» What you should do: Every line from the one containing "完成したお茶は付属のカップで" through the end of the listing below must be given again exactly, and nothing else; exclude pictures.

» Extracted records:
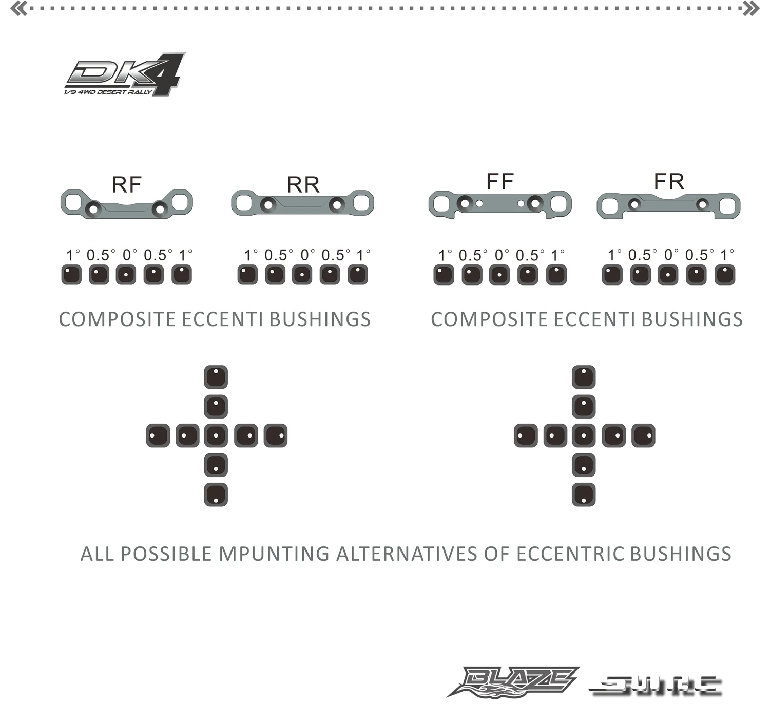Все алюминиевые держатели подвески в DK4 изготовлены из 6061T6 алюминиевого сплава с ЧПУ, толщиной 5 мм, что обеспечивает супер быструю, легкую и удобную геометрию подвески. путем изменения или использования различных эксцентриковых втулок, рычаг подвески может быть хорошо отрегулирован его передний и задний носок-в, передний и задний рулон-центр, колесная база, ролик, Развал .. и т. Д. И другие геометрические структуры.
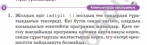 1-тапсырманы орындайды 2-тапсырманы орындайды 3- тасырманы орындайды Сергіту сәтін орындайды Сұраққа жауап береді 4- тасырманы орындайды |
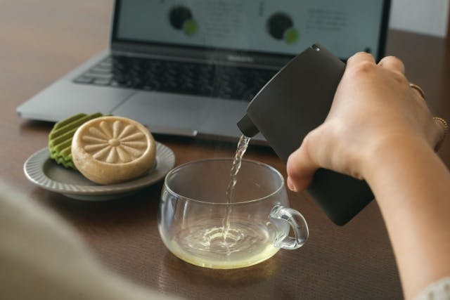 完成したお茶は付属のカップで何回かに分けて楽しむほか、お気に入りのティーカップや湯飲みでもお楽しみいただけます。
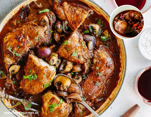 Descubre cómo preparar el auténtico Coq au Vin, un plato clásico francés de pollo cocinado lentamente en vino tinto con verduras y hierbas aromáticas. Perfecta combinación de sabores y texturas.
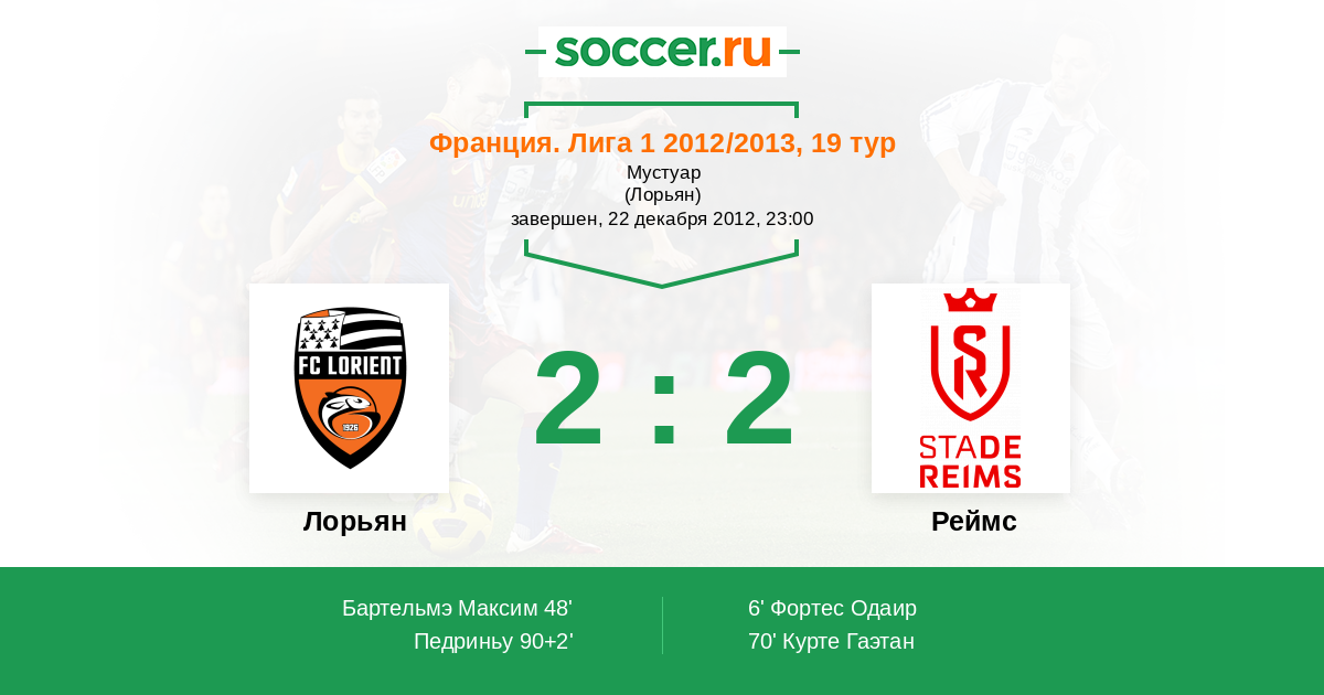 Протокол матча Лорьян против Реймс
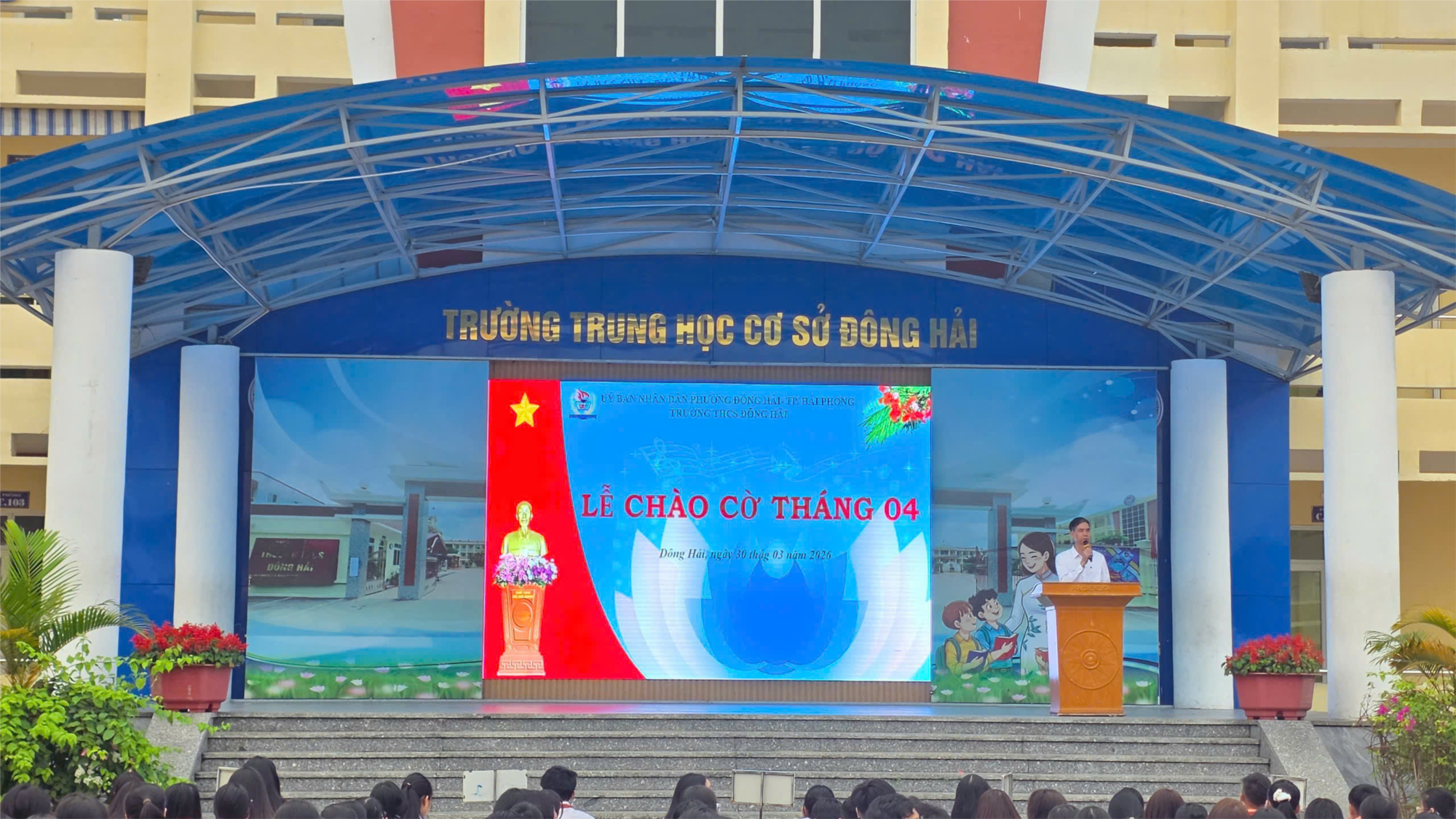 Ngày 30/03/2026, trường THCS Đông Hải tổ chức lễ chào cờ tháng 4.
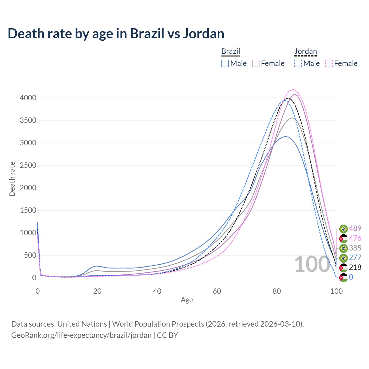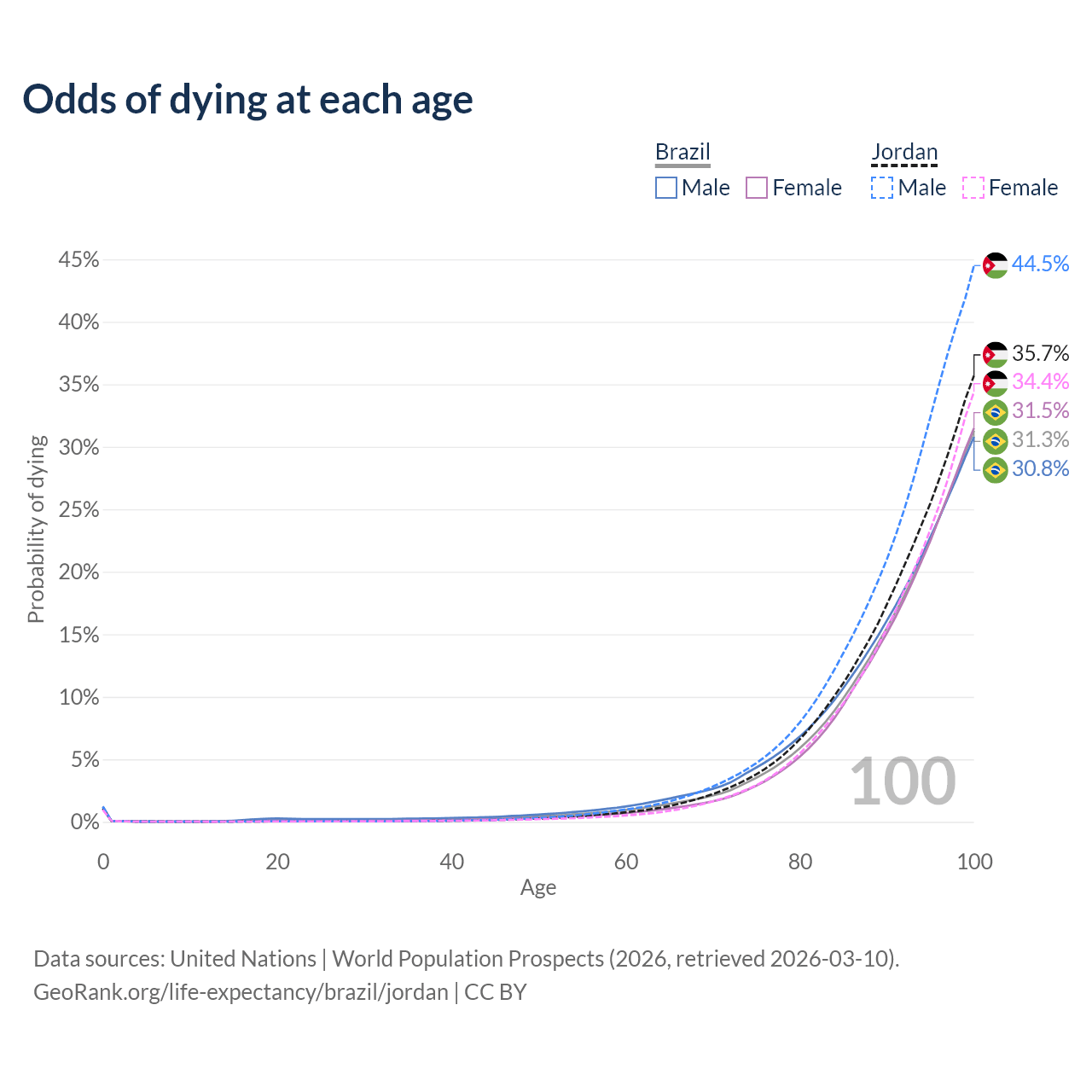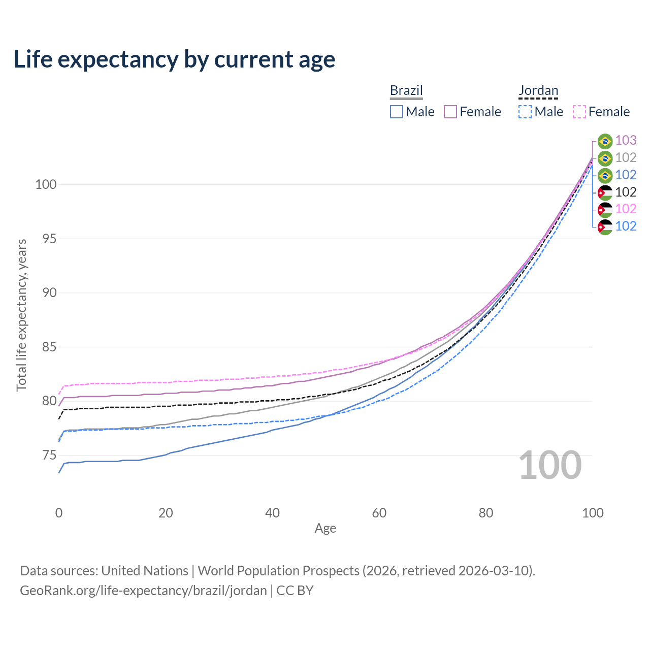 This life expectancy calculator shows the odds of living to 100, 95, 90, and below based on current age for both males and females in Brazil and Jordan, along with mean and median age of death. The calculations are based on the 2026 life tables (actuarial tables) from the UN World Population Prospects.

» Written answer:
 完成したお茶は付属のカップで何回かに分けて楽しむほか、お気に入りのティーカップや湯飲みでもお楽しみいただけます。
 Descubre cómo preparar el auténtico Coq au Vin, un plato clásico francés de pollo cocinado lentamente en vino tinto con verduras y hierbas aromáticas. Perfecta combinación de sabores y texturas.
 Протокол матча Лорьян против Реймс
 Ngày 30/03/2026, trường THCS Đông Hải tổ chức lễ chào cờ tháng 4.
 This life expectancy calculator shows the odds of living to 100, 95, 90, and below based on current age for both males and females in Brazil and Jordan, along with mean and median age of death. The calculations are based on the 2026 life tables (actuarial tables) from the UN World Population Prospects.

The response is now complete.